#### REQUIRED ACTION
Of the entries below, restate word for word only the section that runs from the line with "EN PIN SUR SA" to the line with "Policiais realizavam uma", counting both ends.

(Stored records)
++++++++++

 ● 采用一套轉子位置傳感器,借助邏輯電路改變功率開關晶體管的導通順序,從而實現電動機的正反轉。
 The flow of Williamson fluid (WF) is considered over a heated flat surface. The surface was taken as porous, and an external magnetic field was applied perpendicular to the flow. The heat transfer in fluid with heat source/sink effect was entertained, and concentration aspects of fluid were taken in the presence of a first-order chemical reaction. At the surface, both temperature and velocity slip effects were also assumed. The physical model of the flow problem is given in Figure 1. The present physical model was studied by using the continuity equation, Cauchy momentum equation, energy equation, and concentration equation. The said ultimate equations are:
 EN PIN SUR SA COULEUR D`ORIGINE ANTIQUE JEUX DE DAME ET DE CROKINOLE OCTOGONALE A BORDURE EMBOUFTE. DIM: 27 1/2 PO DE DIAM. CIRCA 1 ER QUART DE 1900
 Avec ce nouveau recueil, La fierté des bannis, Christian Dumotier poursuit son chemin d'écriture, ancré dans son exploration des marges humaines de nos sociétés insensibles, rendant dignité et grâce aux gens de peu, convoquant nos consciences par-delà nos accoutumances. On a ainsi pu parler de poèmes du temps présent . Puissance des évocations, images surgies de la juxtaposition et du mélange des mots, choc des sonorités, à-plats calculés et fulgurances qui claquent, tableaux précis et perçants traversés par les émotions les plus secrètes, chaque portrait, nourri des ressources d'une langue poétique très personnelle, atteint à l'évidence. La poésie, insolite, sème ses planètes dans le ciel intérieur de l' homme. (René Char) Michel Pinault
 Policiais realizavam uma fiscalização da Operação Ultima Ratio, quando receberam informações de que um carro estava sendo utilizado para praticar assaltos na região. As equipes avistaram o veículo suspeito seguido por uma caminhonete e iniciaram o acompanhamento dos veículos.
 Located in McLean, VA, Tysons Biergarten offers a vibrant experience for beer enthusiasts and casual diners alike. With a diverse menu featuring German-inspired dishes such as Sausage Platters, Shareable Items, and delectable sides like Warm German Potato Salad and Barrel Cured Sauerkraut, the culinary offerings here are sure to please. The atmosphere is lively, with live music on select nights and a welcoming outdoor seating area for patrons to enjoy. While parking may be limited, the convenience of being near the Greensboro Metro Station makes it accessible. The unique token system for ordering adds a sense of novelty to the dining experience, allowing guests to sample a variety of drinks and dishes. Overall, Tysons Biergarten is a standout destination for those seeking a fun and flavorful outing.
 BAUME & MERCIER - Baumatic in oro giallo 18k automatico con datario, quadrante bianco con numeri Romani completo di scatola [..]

++++++++++

#### TASK OUTPUT
 EN PIN SUR SA COULEUR D`ORIGINE ANTIQUE JEUX DE DAME ET DE CROKINOLE OCTOGONALE A BORDURE EMBOUFTE. DIM: 27 1/2 PO DE DIAM. CIRCA 1 ER QUART DE 1900
 Avec ce nouveau recueil, La fierté des bannis, Christian Dumotier poursuit son chemin d'écriture, ancré dans son exploration des marges humaines de nos sociétés insensibles, rendant dignité et grâce aux gens de peu, convoquant nos consciences par-delà nos accoutumances. On a ainsi pu parler de poèmes du temps présent . Puissance des évocations, images surgies de la juxtaposition et du mélange des mots, choc des sonorités, à-plats calculés et fulgurances qui claquent, tableaux précis et perçants traversés par les émotions les plus secrètes, chaque portrait, nourri des ressources d'une langue poétique très personnelle, atteint à l'évidence. La poésie, insolite, sème ses planètes dans le ciel intérieur de l' homme. (René Char) Michel Pinault
 Policiais realizavam uma fiscalização da Operação Ultima Ratio, quando receberam informações de que um carro estava sendo utilizado para praticar assaltos na região. As equipes avistaram o veículo suspeito seguido por uma caminhonete e iniciaram o acompanhamento dos veículos.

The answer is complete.